Portuguese scientists create Malaria mathematical model

PORTUGUESE SCIENTISTS have shown that it is possible to eliminate Malaria from regions where the disease is endemic.

A mathematical model has demonstrated for the first time that the disease, which kills two million people a year and infects up to 500 million, can be eradicated.

The model has been developed by scientists at the Gulbenkian Institute of Science (IGC) in Oeiras in conjunction with British colleagues in Kenya.

The mathematical model and its results published in the science magazine PlusOne studied malaria transmission in sub-Saharan Africa. The model takes into account the importance of hidden Malaria cases – when patients become infected but remain asymptomatic. In such cases, the infected patients develop a successful immune response to the parasite and act as carriers.

The model shows that these ‘carriers’ are important to the overall development of Malaria because they can spread the disease to other uninfected people.

The Malaria mosquito, anopheles, even though it may itself be uninfected, can bite these infected people and then transmit the parasite to uninfected people.

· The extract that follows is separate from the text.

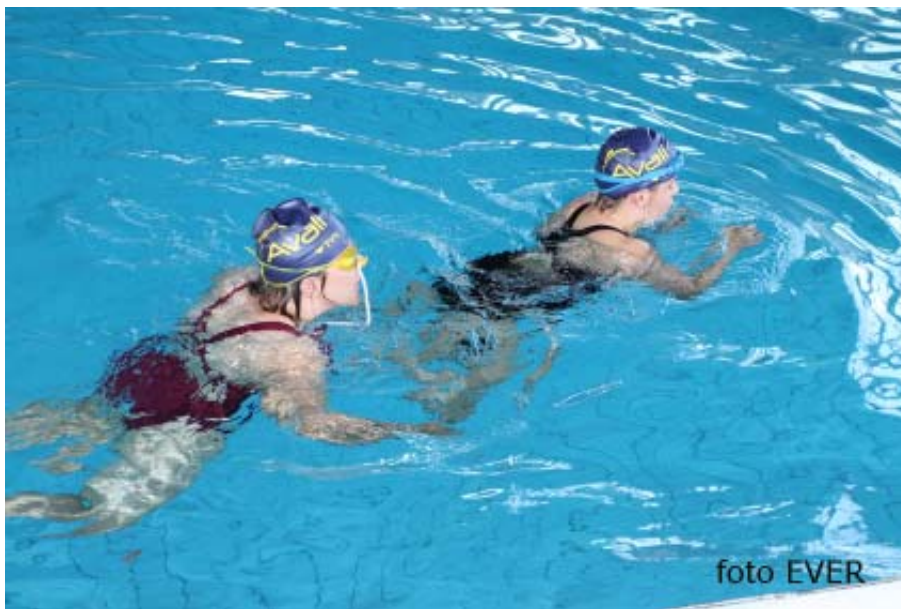
Er werd vandaag in het Genks zwembad al druk geoefend

Een Nederlandse begeleidster vertelde ons dat de deelnemende

Asymptomatic patients can carry the parasite in the blood and remain infectious for up to six months before the body’s immune system fully eradicates it.

“The percentage of the population that can carry the Malaria parasite is quite large, even if it is variable,” says Gabriela Gomes, 42, one of the scientists who developed the model.

It can vary from anything between two per cent in areas of low transmission to 90 per cent in high transmission areas.

Scientists say that the disease transmission rate is six times higher from asymptomatic patients than from a patient exhibiting clinical symptoms such as fever and sweats.

This means that it is simply not enough to treat symptomatic infected patients and mosquito breeding grounds but whole populations with anti-malarial drugs.

“In the long run, it’s cheaper, simpler and easier to treat whole communities at risk, even those who don’t have the parasite,” said Gabriela Gomes, who accepts it will take immense human resources and money.